### Your assignment
The first line of the entries through the line bearing "千葉県教育委員会は2024年": copy these lines exactly and return nothing else.

[Dataset items]
◇ ◇ ◇ ◇ ◇ ◇ ◇
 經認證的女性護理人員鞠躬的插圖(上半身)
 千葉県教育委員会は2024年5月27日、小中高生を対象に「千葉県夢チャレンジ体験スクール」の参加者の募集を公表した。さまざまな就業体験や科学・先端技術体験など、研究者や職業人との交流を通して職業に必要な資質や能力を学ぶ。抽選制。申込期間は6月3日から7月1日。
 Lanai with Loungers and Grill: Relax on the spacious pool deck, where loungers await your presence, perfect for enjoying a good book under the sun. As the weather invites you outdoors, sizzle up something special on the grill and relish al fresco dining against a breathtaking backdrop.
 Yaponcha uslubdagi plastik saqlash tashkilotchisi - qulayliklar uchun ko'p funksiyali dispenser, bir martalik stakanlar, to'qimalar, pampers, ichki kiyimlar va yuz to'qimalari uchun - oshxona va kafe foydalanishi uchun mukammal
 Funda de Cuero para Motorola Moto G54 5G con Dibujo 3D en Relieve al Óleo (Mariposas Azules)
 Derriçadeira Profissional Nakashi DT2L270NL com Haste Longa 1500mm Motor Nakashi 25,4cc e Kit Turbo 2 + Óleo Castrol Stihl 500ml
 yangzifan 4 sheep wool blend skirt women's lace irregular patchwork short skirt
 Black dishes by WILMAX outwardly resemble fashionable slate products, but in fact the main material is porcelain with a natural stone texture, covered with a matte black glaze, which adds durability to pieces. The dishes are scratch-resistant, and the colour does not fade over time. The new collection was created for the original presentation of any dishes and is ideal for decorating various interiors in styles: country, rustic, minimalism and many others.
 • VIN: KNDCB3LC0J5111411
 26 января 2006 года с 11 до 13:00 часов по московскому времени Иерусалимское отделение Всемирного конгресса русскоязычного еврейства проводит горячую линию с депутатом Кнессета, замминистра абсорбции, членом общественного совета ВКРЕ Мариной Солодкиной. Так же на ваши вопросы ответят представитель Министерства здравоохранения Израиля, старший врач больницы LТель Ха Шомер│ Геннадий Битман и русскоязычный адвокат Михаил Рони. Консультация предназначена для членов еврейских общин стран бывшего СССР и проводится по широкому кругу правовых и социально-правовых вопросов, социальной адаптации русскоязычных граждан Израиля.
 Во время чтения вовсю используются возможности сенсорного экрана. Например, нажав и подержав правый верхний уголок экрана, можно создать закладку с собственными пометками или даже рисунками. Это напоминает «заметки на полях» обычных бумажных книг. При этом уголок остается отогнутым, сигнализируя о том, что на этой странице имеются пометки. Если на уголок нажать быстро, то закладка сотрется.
◇ ◇ ◇ ◇ ◇ ◇ ◇
### Written solution
 經認證的女性護理人員鞠躬的插圖(上半身)
 千葉県教育委員会は2024年5月27日、小中高生を対象に「千葉県夢チャレンジ体験スクール」の参加者の募集を公表した。さまざまな就業体験や科学・先端技術体験など、研究者や職業人との交流を通して職業に必要な資質や能力を学ぶ。抽選制。申込期間は6月3日から7月1日。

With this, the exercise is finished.